Logger's Leap was a log flume ride at Thorpe Park, UK. It was the tallest log flume in the UK. The ride closed in 2015.

History
Logger's Leap opened in 1989 on the lake at the back of the park, along with a new themed area 'Canada Creek'. It was manufactured by Mack Rides. The attraction featured a 'country and Western' pop soundtrack including 5,6,7,8 by Steps, Cotton-Eyed Joe by Rednex, Southern Nights by Glen Campbell and 9 to 5 by Dolly Parton.

The ride was the tallest log flume ride in the UK upon opening, although this was surpassed by "Nightmare Niagara" at American Adventure theme park near Derby. Following the closure of American Adventure, Logger's Leap regained its record.

The ride famously featured in press photographs of the Royal family with Princess Diana in 1993. A dedication plaque was erected next to the attraction following her death.

In 2013, the tunnel enclosing the first lift and drop was removed due to poor structural maintenance over time.

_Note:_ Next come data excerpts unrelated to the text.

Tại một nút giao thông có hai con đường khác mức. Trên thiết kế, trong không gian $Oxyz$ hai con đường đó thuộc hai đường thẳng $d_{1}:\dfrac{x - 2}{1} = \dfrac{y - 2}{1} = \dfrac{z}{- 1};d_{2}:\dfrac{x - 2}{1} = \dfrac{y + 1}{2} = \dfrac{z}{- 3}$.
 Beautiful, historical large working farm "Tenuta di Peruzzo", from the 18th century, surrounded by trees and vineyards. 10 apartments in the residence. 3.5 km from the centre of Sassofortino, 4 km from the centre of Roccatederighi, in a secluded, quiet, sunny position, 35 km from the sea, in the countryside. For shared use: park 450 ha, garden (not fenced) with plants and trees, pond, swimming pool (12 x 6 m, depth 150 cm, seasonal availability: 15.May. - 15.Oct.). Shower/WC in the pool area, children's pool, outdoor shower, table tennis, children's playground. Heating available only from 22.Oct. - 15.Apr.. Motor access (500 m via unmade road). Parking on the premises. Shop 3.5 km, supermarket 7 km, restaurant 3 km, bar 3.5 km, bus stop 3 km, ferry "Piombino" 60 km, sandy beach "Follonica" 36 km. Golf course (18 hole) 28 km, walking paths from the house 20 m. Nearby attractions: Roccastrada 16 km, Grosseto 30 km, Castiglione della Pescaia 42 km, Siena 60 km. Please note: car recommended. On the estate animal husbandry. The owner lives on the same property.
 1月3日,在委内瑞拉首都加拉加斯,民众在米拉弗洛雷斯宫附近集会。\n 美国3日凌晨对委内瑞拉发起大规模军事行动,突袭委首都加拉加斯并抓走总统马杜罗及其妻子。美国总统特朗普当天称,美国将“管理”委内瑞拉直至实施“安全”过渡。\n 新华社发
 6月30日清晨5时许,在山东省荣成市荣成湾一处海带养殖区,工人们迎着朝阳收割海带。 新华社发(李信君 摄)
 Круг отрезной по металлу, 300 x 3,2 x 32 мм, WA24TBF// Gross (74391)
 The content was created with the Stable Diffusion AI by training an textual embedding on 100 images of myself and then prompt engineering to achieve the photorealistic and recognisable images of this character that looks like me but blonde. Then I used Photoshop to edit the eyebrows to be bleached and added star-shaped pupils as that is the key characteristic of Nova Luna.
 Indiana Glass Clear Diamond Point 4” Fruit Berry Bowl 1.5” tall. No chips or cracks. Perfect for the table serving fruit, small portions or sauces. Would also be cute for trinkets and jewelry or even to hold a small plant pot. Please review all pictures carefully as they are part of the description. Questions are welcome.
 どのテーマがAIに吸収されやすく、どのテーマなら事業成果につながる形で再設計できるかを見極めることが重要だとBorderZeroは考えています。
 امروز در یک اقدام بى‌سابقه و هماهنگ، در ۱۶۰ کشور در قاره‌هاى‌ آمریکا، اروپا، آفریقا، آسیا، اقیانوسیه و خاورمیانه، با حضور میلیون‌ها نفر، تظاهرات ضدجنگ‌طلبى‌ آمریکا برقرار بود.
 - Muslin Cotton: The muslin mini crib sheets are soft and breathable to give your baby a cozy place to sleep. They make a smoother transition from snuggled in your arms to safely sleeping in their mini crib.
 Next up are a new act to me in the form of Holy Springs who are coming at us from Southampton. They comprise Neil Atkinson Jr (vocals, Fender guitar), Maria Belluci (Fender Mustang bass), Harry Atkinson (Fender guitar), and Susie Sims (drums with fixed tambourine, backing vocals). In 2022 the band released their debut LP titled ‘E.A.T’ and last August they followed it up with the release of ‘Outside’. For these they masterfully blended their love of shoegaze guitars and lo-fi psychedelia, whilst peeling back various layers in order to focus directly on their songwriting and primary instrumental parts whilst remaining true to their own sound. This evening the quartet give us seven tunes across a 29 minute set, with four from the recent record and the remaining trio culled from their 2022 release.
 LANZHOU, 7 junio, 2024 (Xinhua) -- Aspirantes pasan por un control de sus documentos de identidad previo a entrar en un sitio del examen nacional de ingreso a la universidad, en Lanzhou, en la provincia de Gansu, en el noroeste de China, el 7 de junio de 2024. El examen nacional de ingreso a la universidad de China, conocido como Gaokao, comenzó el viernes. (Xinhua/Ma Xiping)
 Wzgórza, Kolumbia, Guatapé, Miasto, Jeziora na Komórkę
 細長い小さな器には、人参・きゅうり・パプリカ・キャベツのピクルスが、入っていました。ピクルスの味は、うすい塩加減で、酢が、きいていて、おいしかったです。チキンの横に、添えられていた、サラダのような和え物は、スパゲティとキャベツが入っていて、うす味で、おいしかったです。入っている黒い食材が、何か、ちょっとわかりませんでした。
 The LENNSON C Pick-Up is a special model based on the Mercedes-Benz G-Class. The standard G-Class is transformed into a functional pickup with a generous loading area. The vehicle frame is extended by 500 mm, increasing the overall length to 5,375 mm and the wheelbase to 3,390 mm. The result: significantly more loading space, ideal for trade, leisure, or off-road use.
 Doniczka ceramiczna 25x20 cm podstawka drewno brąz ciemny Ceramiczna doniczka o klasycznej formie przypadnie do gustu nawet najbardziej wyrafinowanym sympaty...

Logger's Leap did not open after the 2015 season and stood not operating. The park announced via social media that the ride was "under redevelopment". In February 2019, it was confirmed that Logger's Leap had permanently closed and ride parts were to be auctioned in May, however no auction ever took place.

During Fright Nights 2019, the old station was used as the venue for a new scare maze, "Creek Freak Massacre".

Ride experience

Riders queued up in one of five queues at the front of the station. Each Logger's Leap boat held up to five people - two in the front and three in the back.

Once the boat left the station it meandered towards a tunnel. The boat was then lifted up into the tunnel before descending the first drop in complete darkness. The boat exited the tunnel amongst woodland at the back of the park, where it crossed the main lake and made its way to the second lift hill. This hill, the biggest of the ride, featured a steep drop with a double dip. The boat descended the drop into a splashdown, then meandered back to the station across the edge of the lake.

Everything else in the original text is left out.